What the task requires
Give back an exact copy of the lines in the records below, from the line that has "Très interessant et" through the line that has "I ovoga puta", and nothing besides.

Given data
[Start of Attachment]
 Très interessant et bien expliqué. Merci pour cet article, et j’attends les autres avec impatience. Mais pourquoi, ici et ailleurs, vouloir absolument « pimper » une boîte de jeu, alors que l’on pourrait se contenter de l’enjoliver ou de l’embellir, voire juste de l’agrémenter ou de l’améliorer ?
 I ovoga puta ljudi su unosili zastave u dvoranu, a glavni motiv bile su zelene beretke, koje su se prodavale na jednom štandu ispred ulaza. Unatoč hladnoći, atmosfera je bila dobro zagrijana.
[End of Attachment]
[Start of Attachment]
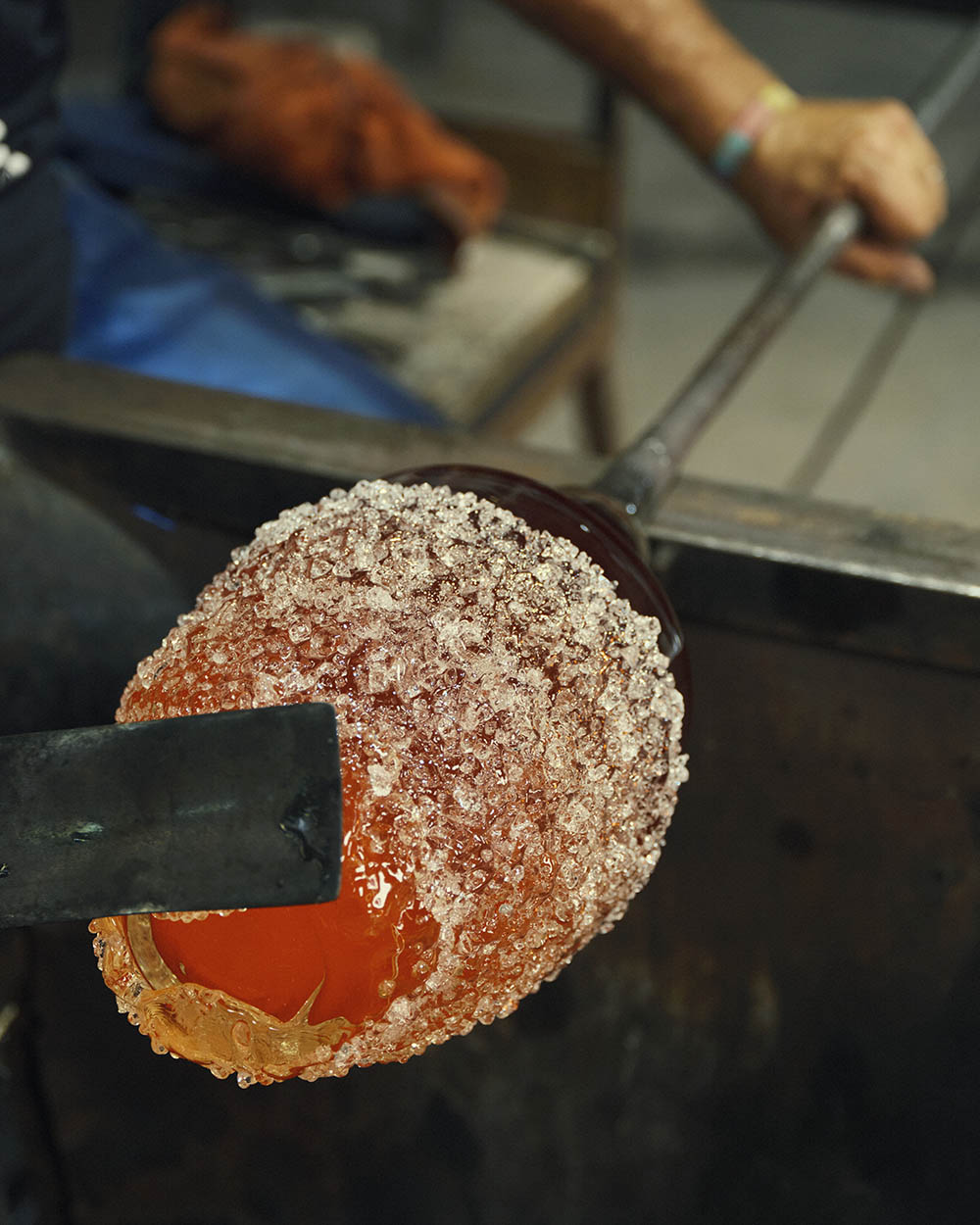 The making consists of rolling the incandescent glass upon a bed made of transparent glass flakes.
[End of Attachment]
The completed task
 Très interessant et bien expliqué. Merci pour cet article, et j’attends les autres avec impatience. Mais pourquoi, ici et ailleurs, vouloir absolument « pimper » une boîte de jeu, alors que l’on pourrait se contenter de l’enjoliver ou de l’embellir, voire juste de l’agrémenter ou de l’améliorer ?
 I ovoga puta ljudi su unosili zastave u dvoranu, a glavni motiv bile su zelene beretke, koje su se prodavale na jednom štandu ispred ulaza. Unatoč hladnoći, atmosfera je bila dobro zagrijana.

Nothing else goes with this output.